*WORK INSTRUCTION:* Copy out every line of the material below, character for character, apart from the pictures.

[Opening RECORDED DATA section]

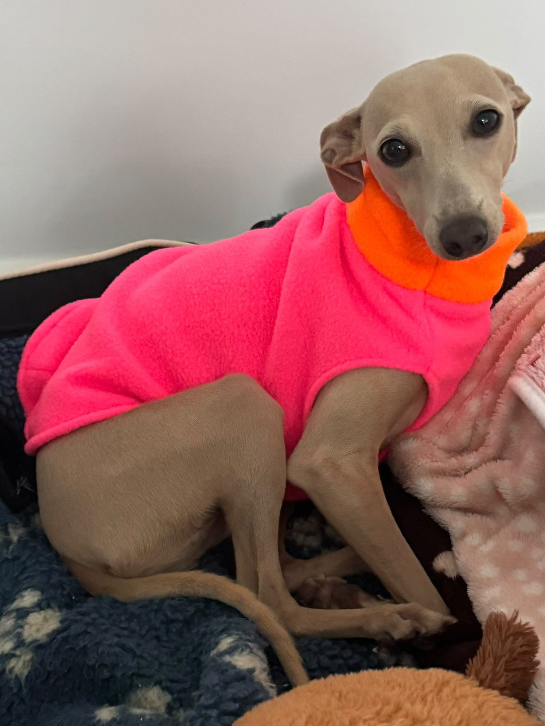 Sleeveless polar fleece vest in our tiniest size perfect for Italian Greyhound puppies from 6 weeks old. Perfect if you want to be prepared for your new arrival.
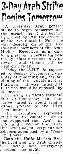 For months before the vote, Arab terrorists held their fire, hoping that the UN would not recommend a truncated Jewish state along with an Arab state in the area of the British Mandate. But within hours of the UN partition resolution, the gloves were off.
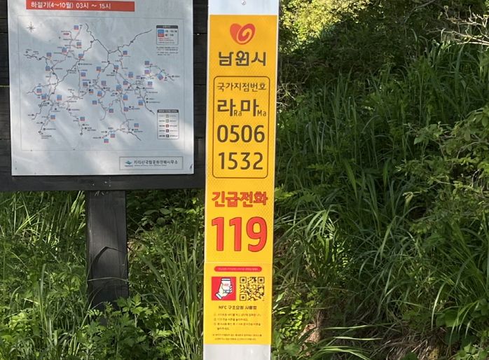 남원시는 국가지점번호판 일제조사를 완료하여 훼손·망실된 번호판에 대해서는 보수 정비를 진행하고 더 광범위한 지역에서 위치파악이 용이하도록 신규 60개소를 추가 설치하기로 했다.

[Closing RECORDED DATA section]

*OUTPUT:*
 Sleeveless polar fleece vest in our tiniest size perfect for Italian Greyhound puppies from 6 weeks old. Perfect if you want to be prepared for your new arrival.
 For months before the vote, Arab terrorists held their fire, hoping that the UN would not recommend a truncated Jewish state along with an Arab state in the area of the British Mandate. But within hours of the UN partition resolution, the gloves were off.
 남원시는 국가지점번호판 일제조사를 완료하여 훼손·망실된 번호판에 대해서는 보수 정비를 진행하고 더 광범위한 지역에서 위치파악이 용이하도록 신규 60개소를 추가 설치하기로 했다.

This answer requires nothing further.